The broad point was that all labour should cease until capitalism called it a day.
But ideas and practical strategies are often not quite the same thing, so when the Chartists adopted Benbow's plan in August 1838 there was an attempt to limit a national strike to a week.
It didn't work, but the strategy of a general withdrawal of labour remained firmly in place, something to be used occasionally if other things had failed, although still less forceful than the armed rising which the Chartists tried in 1839.
The next general strike was in 1842, and it was probably the biggest anywhere in the world in the 19th century.
Historians have sometimes called it the plug plot because the essential method of prosecuting the strike was for groups of strikers - flying pickets - to go from factory to factory pulling the plugs from the boilers that provided industrial power, and so causing production to stop.
The strike against wage reductions had its impact but remained confined to the industrial north.
With the rise of organised trade unions and the TUC itself from 1868, the responsibility for calling a general strike shifted from below - the 1838 and 1842 strikes originated from the grassroots - to the labour movement leadership after due discussion and democratic decision.
There were still huge - sometimes termed mass - strikes, particularly in the period just before the first world war, but the next official general strike in Britain was in 1926.

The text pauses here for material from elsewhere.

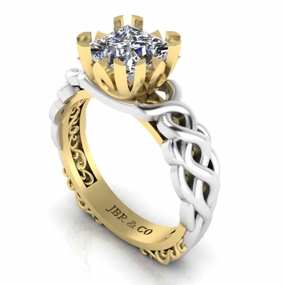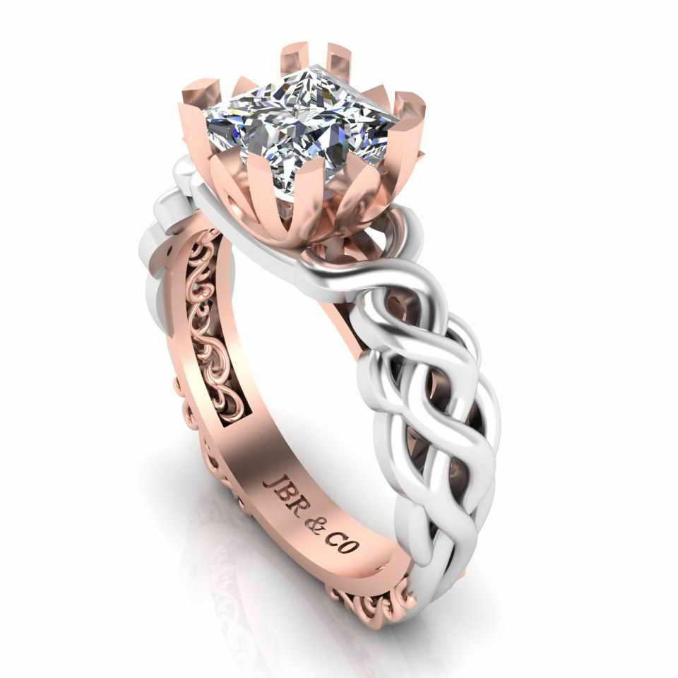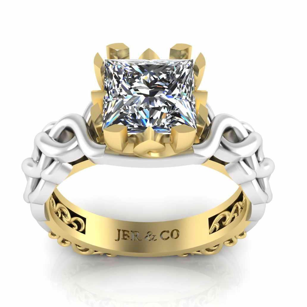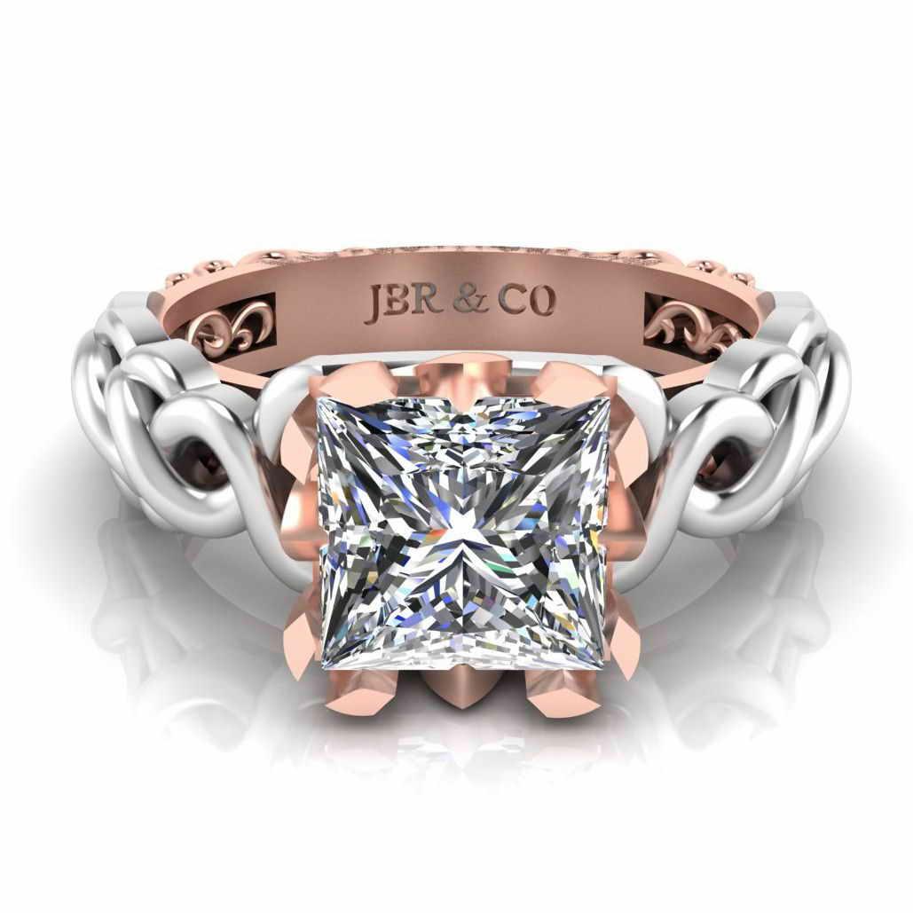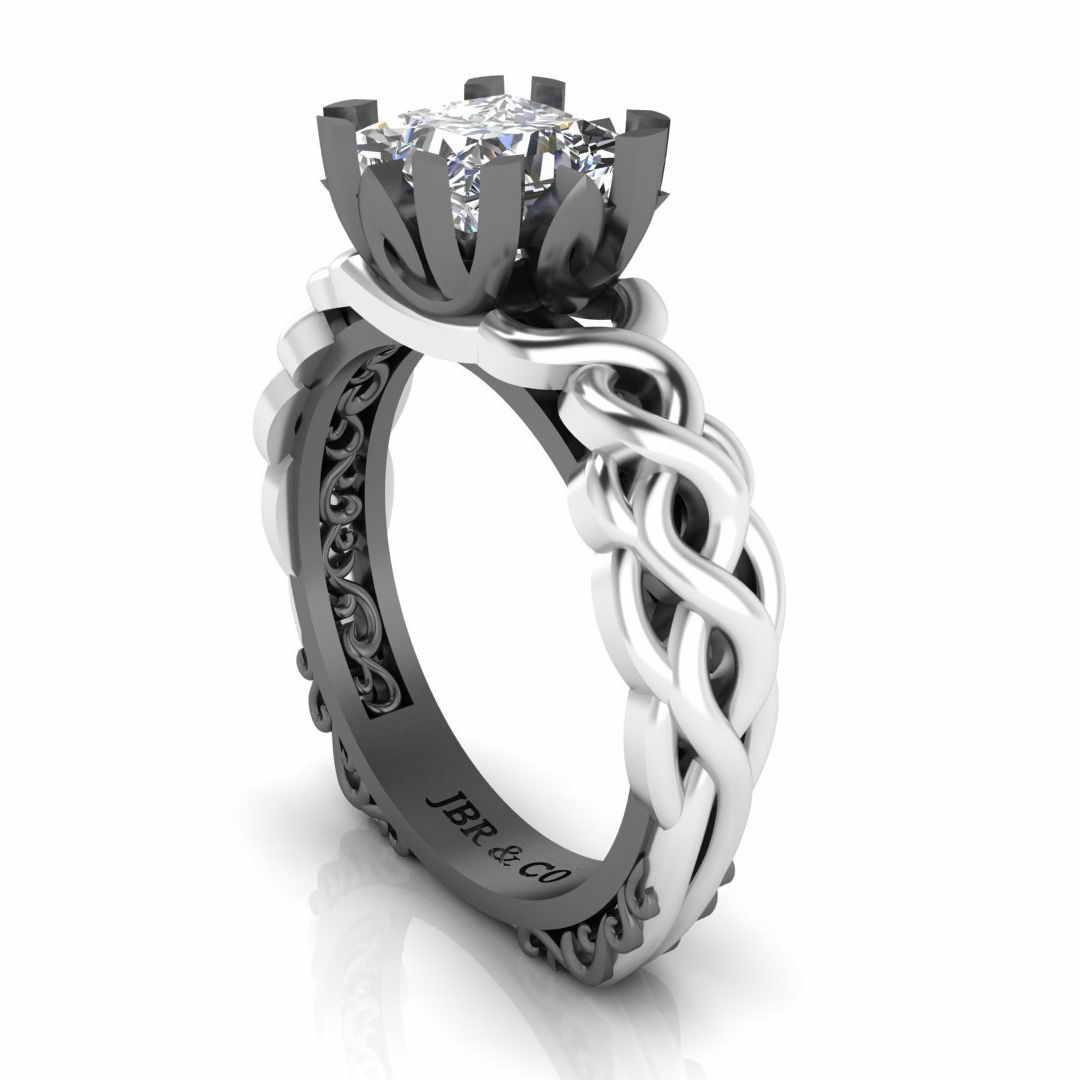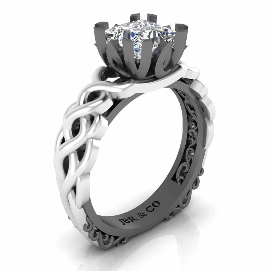 This unique solitaire Simulants diamond engagement ring will capture her heart from the moment she beholds it. Featuring a band adorned with a swirl accents, it holds a Simulants diamond center stone to finish off the design. This Sterling Silver ring dazzles under the light and makes an extra special statement based on its style and originality. You found your princess, now guarantee that she'll say "Yes" to your proposal with this unique engagement ring.

Its history, if perhaps not that well known now to many, can easily be checked in books or on the web.
As in 1842, it was a defensive affair designed to stop employers' attacks, and it failed.
The media will no doubt dwell on that point and argue that this must mean that all attempts at a general strike end in failure, but historically there is little evidence for that.
The next time the TUC called a general strike was in 1972 over the jailing of five dockers in Pentonville.
The strike was set for July 31 1972. On July 28 1972, a mysterious government officer, the official solicitor, appeared and the dockers were released.
The general strike was successful without actually having to take place, although many thousands of workers had walked out in the meantime.
The idea of the co-ordinated political general strike - such as the days of action over the NHS in the 1980s which also fulfilled that criteria - was a particular focus of Tory anti-union legislation in the Thatcher years.
A central aim was to prevent co-ordinated action beyond narrow industrial objectives.
This point is of interest not only because its spectre still haunts our rulers, but also because it tells us that the British labour movement - often characterised as grey, dull and moderate - has some other traditions as well.
So will the people of Britain be pushed toward a general strike this year?